**EXERCISE:** Restate the whole listing below word for word and keep the images out.
------ PROVIDED DATA
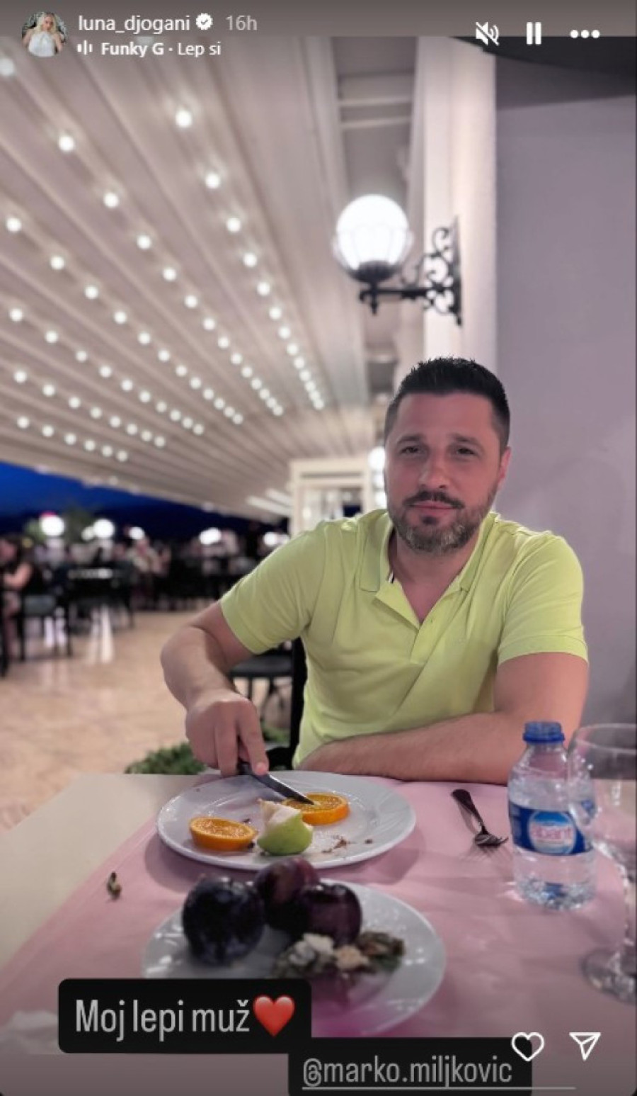 U prelepom ambijentu, uz miris mora, Luna je podelila fotografiju tanjira prepunog morskih plodova, dok je Marko, i više nego očigledno, uživao u svakom trenutku pored svoje izabranice.
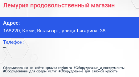 Лемурия, продовольственный магазин по адресу 168220, Коми, Выльгорт, улица Гагарина, 38 в дальнейшем Организация, размещена в следующих категориях:
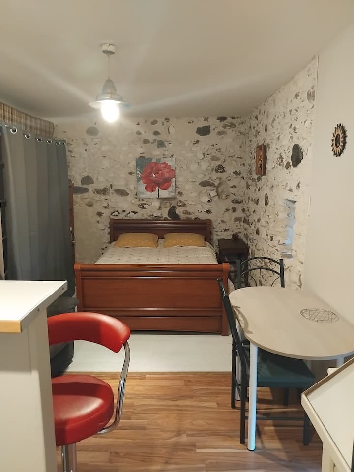 छान मैत्रीपूर्ण स्टॉपओव्हर कॉटेजमध्ये बेड
------------
**PROBLEM SOLUTION:**
 U prelepom ambijentu, uz miris mora, Luna je podelila fotografiju tanjira prepunog morskih plodova, dok je Marko, i više nego očigledno, uživao u svakom trenutku pored svoje izabranice.
 Лемурия, продовольственный магазин по адресу 168220, Коми, Выльгорт, улица Гагарина, 38 в дальнейшем Организация, размещена в следующих категориях:
 छान मैत्रीपूर्ण स्टॉपओव्हर कॉटेजमध्ये बेड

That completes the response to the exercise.